Но об этом довольно. Я окончил свой труд и изложил, уже на латинском языке, в более совершенном и полном виде то, что более тринадцати лет назад изложил на родном языке, достигнув тогда, впрочем, незначительных результатов; при этом я опустил все, менее относящееся к делу. А так как физиологическая теория цветов представляет собою только часть, хотя и наиболее важную, общей теории цветов, то я советую читателям, именно тем из них, которые одарены редчайшей духовной способностью, доступной только избранным самим Богом людям, именно способностью суждения, не только, подобно прочим, прочитывать рассуждения, но и продумывать их, с тою целью, чтобы, ставя ни во что как превратные суждения профессоров физики, так и их осторожное молчание, стремиться во что бы то ни стало прочесть сочинение Гете „О цветах“, чтение которого сопряжено с великой и возвышенной пользой, потому что, во-первых, читатели его познакомятся с истинной теорией физических цветов, а, во-вторых, поймут, насколько груб тот обман, которым Ньютон водил за нос в продолжение более столетия ученых и докторов, да и в настоящее время водит названных мною для примера наиболее порядочных из них. Наконец, и в психологии читатели его сделают удивительные успехи: они ясно и отчетливо увидят и основательно осмыслят, что такое, наконец, представляет собою то, что в мозгах посредственных людей заменяет суждение; а, по [307] моему мнению, нет ничего драгоценнее этого знания, потому что оно убедит читателя в том, что истину следует любить ради самой истины и предпочитать свое собственное мнение — мнению толпы.

Писано в Берлине, в мае месяце 1829.

Примечания[править]

  1. Apud Sext.

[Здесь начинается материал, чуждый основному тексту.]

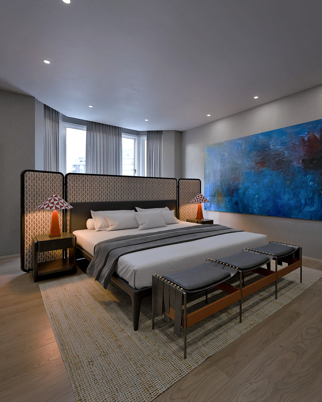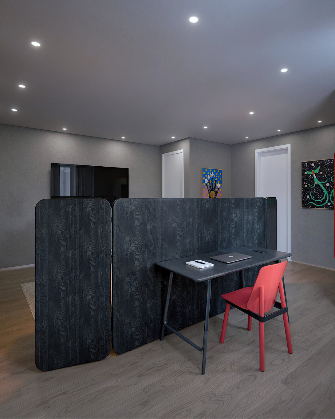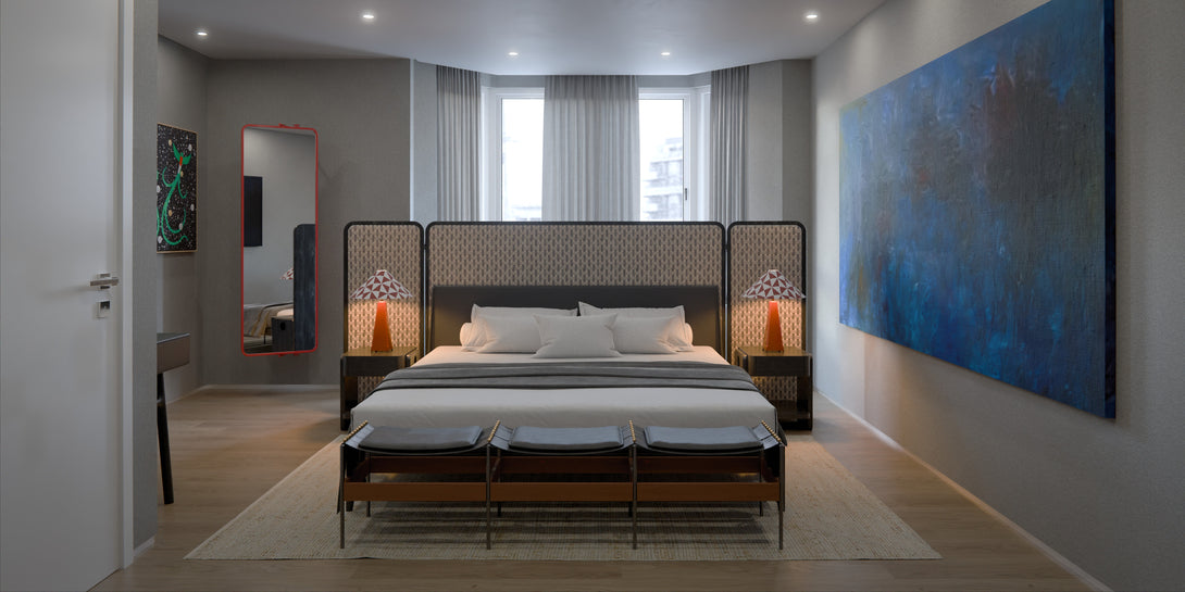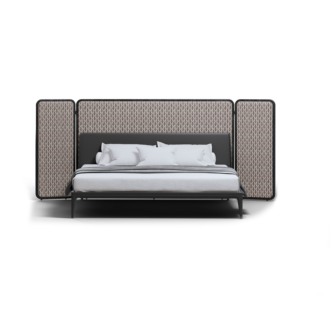 The Marcele folding screen is crafted from Ebonized wood and adorned with Jacquard Fabric Greta Black. With a keen focus on durability and a unique aesthetic appeal, this folding screen requires 60 days to be produced, resulting in an exclusive and sophisticated piece.
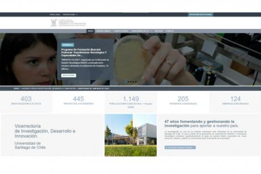 Potenciar y promover el impacto económico, social y ambiental de las investigaciones científicas y tecnológicas que lidera la Universidad de Santiago, será el principal objetivo del nuevo sitio web de la Vicerrectoría de Investigación Desarrollo e Innovación, que ya se encuentra disponible en www.vridei.usach.cl.

Emp. adv. Math., VII, 134.
  2. Asiatic Journal, Vol. 10 (Chinese Metaphysics) — et Vol. 20 (Chinese litterature by Morrison).
  3. Его изложил Теодор Грот в химико-физическом журнале Швейггера том III, 1811; там он изложил большую часть опытов, которых я коснулся, и присоединил много других, достойных внимания. Точно также он пытался приспособить это явление каким бы то ни было образом к теории Ньютона, которую убежденно отстаивал, при помощи курьезного круга цветов, составленного Ньютоном (Lib. I. Р. II, prop. VI, probl. I), наподобие скалы: соль, ля, фа, соль, ми, фа, соль. Самого же Ньютона он считал за „великого и бессмертного философа, обоснователя истинной теории цветов“.
    Кстати заметим, — на случай, если кто не знает этого: объяснение системы мира посредством закона тяготения было предложено ранее Ньютона — Гуком, который в виде гипотезы сообщил ее в 1666 году королевской Лондонской академии. Изложение этого закона можно найти также в его посмертных произведениях; главнейшие положения их изложены в выражениях самого Гука Дугальдом Стюартом в его книге: „Philosophy of the human mind“, т. II, стр. 434. — Что это хорошо известно англичанам, очевидно уже из краткой истории Астрономии, которая находится в „Quarterly Review“, месяц август, 1828. Нечего и говорить после этого о всяких баснях о яблоке, упавшем с дерева. Итак, если я не ошибаюсь, заслуги Ньютона, весьма великие и в настоящее время заключаются в точном определении του ποσου, но το τι ἠν εἰναι не было принято им в расчет. До сих пор не разрешен спор, кто первый изобрел дифференциальное счисление: Ньютон или Лейбниц.
  4. Не могу не сослаться на одно весьма замечательное место, в котором Аристотель объясняет возникновение красного цвета совершенно согласно с теорией Гете. Место это, заимствованное из III-ей книги, 4-й главы „Метеорологии“ Аристотеля, но несколько иначе изложенное, следующим образом читается у Стобея (Eclog. phys. I, 31):
    „Φοινικουν μεν (το χρωμα της ἰριδος), ὁτι το λαμπρον ἐν μελανι και δια μελαν ὁρωμενον τοιαυτην ἀποτελει χροαν. Τοις γουν ϑεωμενοις τον ἡλιον δια ὁμιχλης, ἠ δια καπνου, δοκειν ἐρυϑρον εἰναι ἠ και την ἀπο των χλωρων ξυλων φλογα πεφοινιγμενην, δια το παχυν αὐτη, μεμιχϑαι καπνον“.
  5. Parrot: „Traité de la manière de changer la lumière artificielle en une lumière semblable à celle du jour“. Strasb., 1791.
  6. Carolus Scherffer: „De coloribus accidentalibus“, Carl. Scherffer: „Abhandl. von den zufälligen Farben“, 1765.